You’ve had surgery to remove the skin cancer, it is gone right?  

Well, the parts we can see are gone.  The spot is removed, and 2cm around it to make sure there is no microscopic remnants.  I’ve had lymph nodes removed and there is nothing they can see on the CT scans.  So, for now, I’m “cured”.  I use this word with caution.  The chance that my melanoma will come back is high, 30-60%, so I am optimistic that I will be ok, but I am guarded. 

But it’s just skin cancer?

It depends what kind you have – melanoma is the most aggressive of the skin cancers.  If caught when it is thin in the early stages – removing the spot can be curative.  If it is thick or spread to other sites in the body it is more difficult to treat.

But I have a friend who had (insert cancer here) and they’re ok.

Melanoma is very different from other cancers, like lymphoma or breast cancers, in how we treat it.  It doesn’t respond well, or at all, to chemotherapy and radiation like other types of cancers.  The best treatment is using the body’s own immune system to recognize the melanoma and “attack” it.  In the past few years there have been several new drugs that have come out that are working better than any other treatments we’ve had before, especially in stage 4 melanoma, but they are very expensive for the provinces to pay for.

What kind of treatment is available for stage 3 melanoma that has been surgically removed (resected)?
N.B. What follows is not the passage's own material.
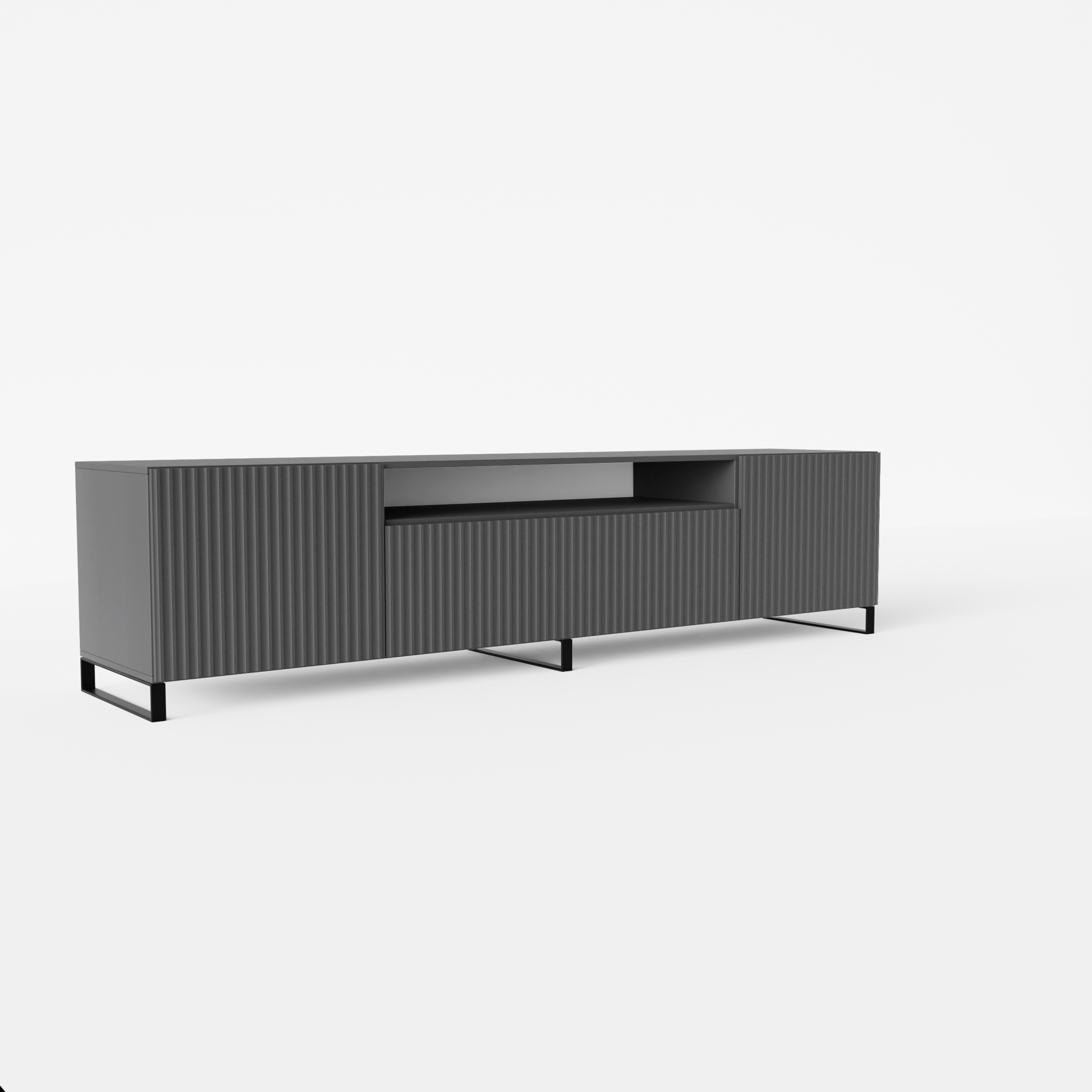 Leírás: A Noemi TV szekrény egy modern, elegáns és funkcionális TV szekrény, tökéletes választás modern belső terekbe. Egyedi jellemzője a bordázott kivitelezés, amely karaktert és textúrát ad a bútornak. A szekrény úgy van tervezve, hogy megfelelő rekeszeket és polcokat tartalmazzon, hogy helyet biztosítson különféle elektronikai eszközöknek, mint például TV, dekóder, játékkonzol és sok más.

Currently, some of the options in Canada are drug trials or interferon (which is a controversial treatment).  I opted for interferon.

But you don’t look sick?

I’m on a biological therapy, which is not traditional chemotherapy, and the side effects are slightly different.  I still feel very sick, and need to do the treatment for a year.

Is the treatment working?

Maybe.  We won’t know unless the cancer comes back, or doesn’t.  It is called adjuvant therapy.  As far as the CT scans can see, I was cured from the cancer after my surgery.  But the chance that it can come back (because of microscopic deposits we can’t see) is high.  I hope the interferon does work, but I am cautiously optimistic.

You’ll be ok, right?

Yes.  (Is my usual answer to keep the mood light, what I really should say is):

Maybe.  I was told I have a 50% chance of living 5 more years.  
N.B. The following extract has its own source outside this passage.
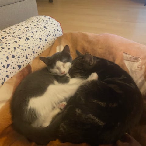 To steriliseret og chippet hun katte på hhv ca 3 og 6 år, søger nyt hjem. Kattene fungere både som indekatte men også som staldkatte.

How do you tell that to your family and friends when you are only in your mid-twenties?  I take all the statistics with a skeptical eye, many of those people included in those statistics are very old, or have other diseases.  Up until a few years ago there were not any good treatments for melanoma, I expect these numbers to change for the better because of our new treatments.  Odds and statistics won’t tell you what your own personal outcome will be – no one can predict that.
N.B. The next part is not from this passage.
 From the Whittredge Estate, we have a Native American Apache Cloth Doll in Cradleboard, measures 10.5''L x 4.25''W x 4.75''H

One of the most challenging parts of explaining this cancer is that the answer is often “no-one knows for sure”, so I try my best to field questions without making things too complicated or getting into the nitty gritty.  Melanoma is serious and scary, but also at a point where there are lots of new exciting treatments, and with that comes hope.

As a closing note I would like to extend a big thank you to Kathy and the SYSF team for their education and support throughout my treatment.